Records from a collection:
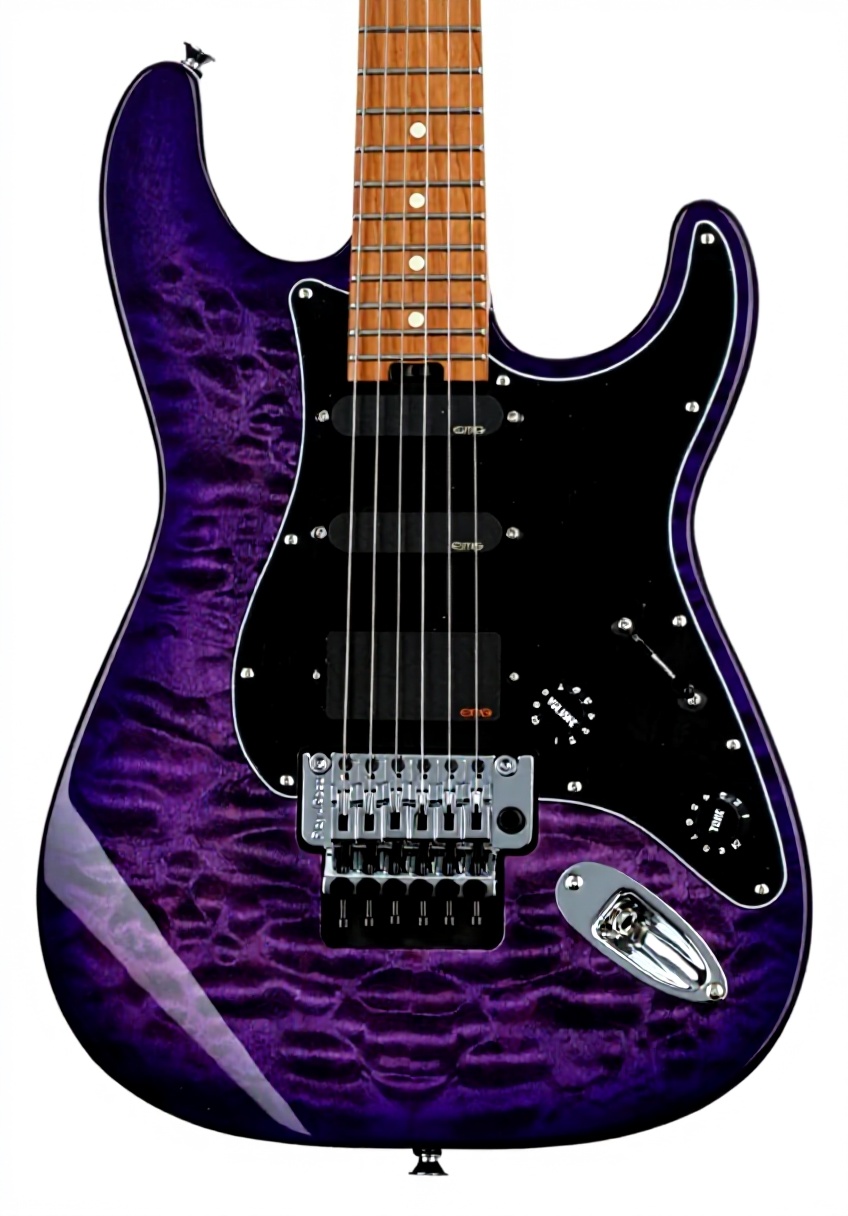 Questa chitarra elettrica Charvel Pro-Mod So-Cal Style 1 HSS combina un corpo in ontano con una configurazione di pick-up HSS (humbucker-single-single) per una versatilità sonora eccezionale. La finitura Transparent Purple Burst esalta la venatura del legno, mentre il manico in acero garantisce una suonabilità fluida e precisa, ideale per performance dinamiche.
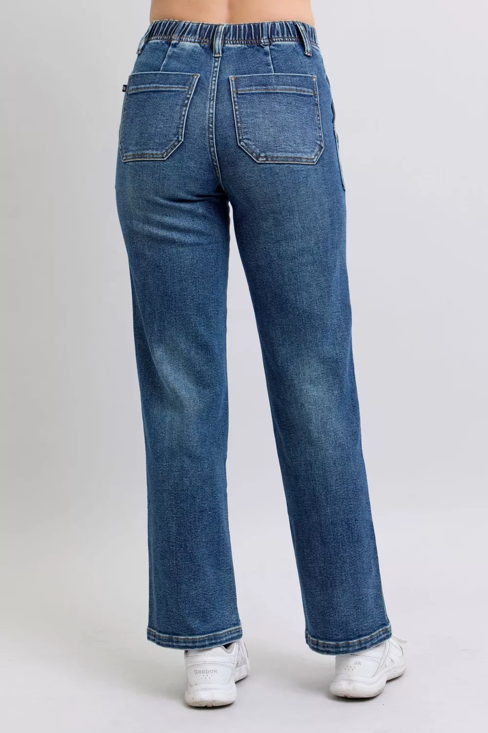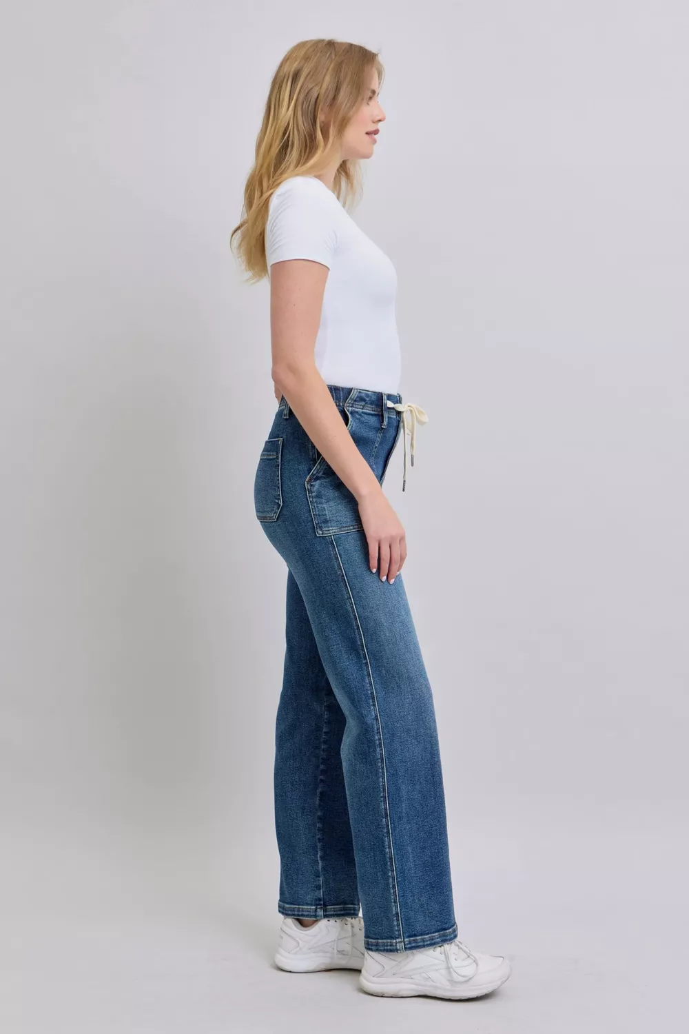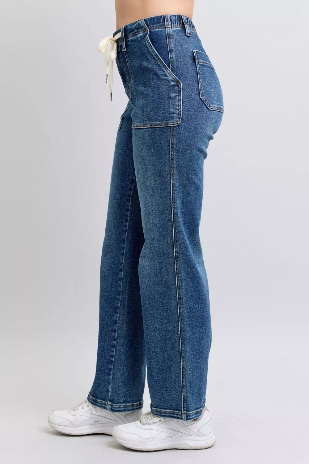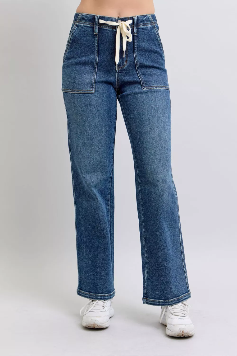 The Drawstring Straight Jeans with Pockets are a comfortable and stylish choice for a casual day out. The drawstring waist adds a trendy and versatile element to these jeans. Featuring convenient pockets for functionality, these jeans are both practical and fashionable. Pair them with a basic tee or a cozy sweater for a laid-back look. Elevate your everyday style with these on-trend drawstring straight jeans.
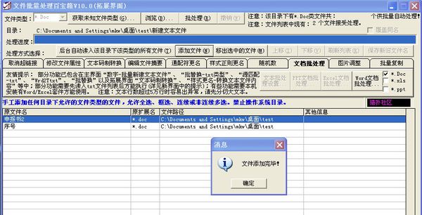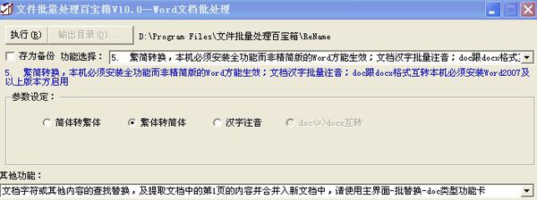 试试 文件批量处理百宝箱V10.0-主界面-右上角-更多功能-拓展界面-文档批处理功能卡-doc类型-第5项功能,doc=docx互转功能。如图所示:
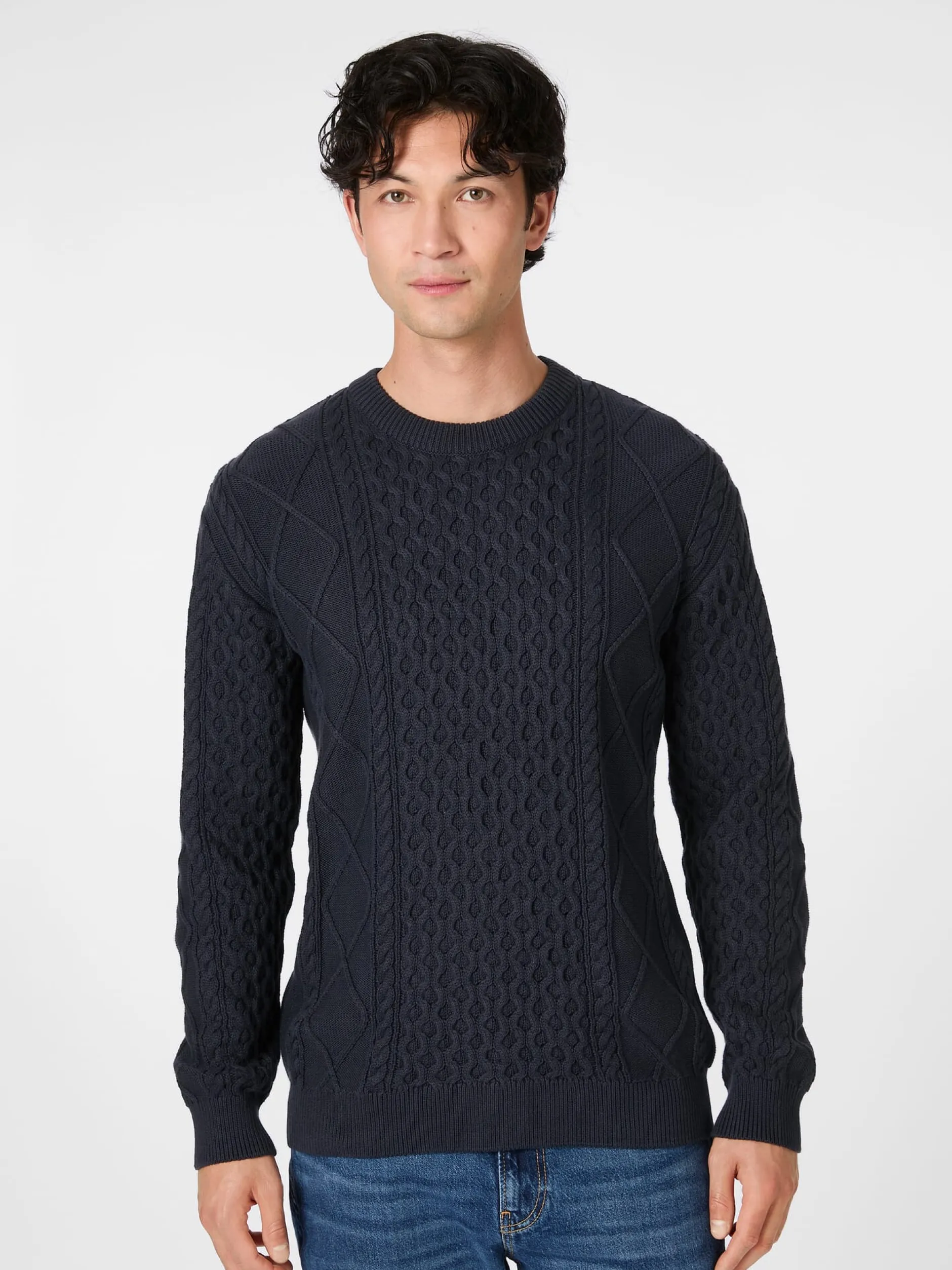 Für das markante Strickbild dieses Pullovers aus kontrolliert biologisch angebauter Baumwolle greift Knowledge Cotton Apparel auf die berühmten Aranmuster zurück, die von den gleichnamigen irischen Inseln stammen und ihren Träger*innen einst symbolhaft gute Wünsche mit auf den Weg gaben. Da sind die klassischen Zopfmuster (auch Cable Knit genannt), die wie gedrehte Stränge aussehen und dem Gestrick Textur und Tiefe geben. Sodann die klassischen Rauten- oder Diamantmuster, die hier von den Schultern abwärts und auf den Außenseiten der Ärmel verlaufen. Und schließlich noch das Honeycomb-Muster auf Brust, Rücken und Ärmeln, das mit seiner charakteristischen Struktur an Bienenwaben erinnert. Breite Rippenstrickbündchen bilden den Abschluss an Hals, Ärmeln und Rumpf.
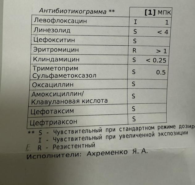 А так у бактерии устойчивость только к эритромицину, к остальным а/б она чувствительна
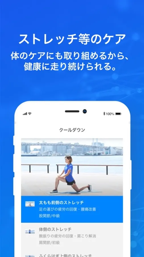 •ランニングに適したストレッチ:ランニングの動きに関わる部位のストレッチを、ウォームアップとクールダウンでそれぞれレコメンド。怪我の予防と快適な走りを実現します。

--- Exercise directions ---
If the records contain pictures, skip them, and transcribe exactly every line from the one with "А так у бактерии" through the last line.

--- Completed exercise ---
 А так у бактерии устойчивость только к эритромицину, к остальным а/б она чувствительна
 •ランニングに適したストレッチ:ランニングの動きに関わる部位のストレッチを、ウォームアップとクールダウンでそれぞれレコメンド。怪我の予防と快適な走りを実現します。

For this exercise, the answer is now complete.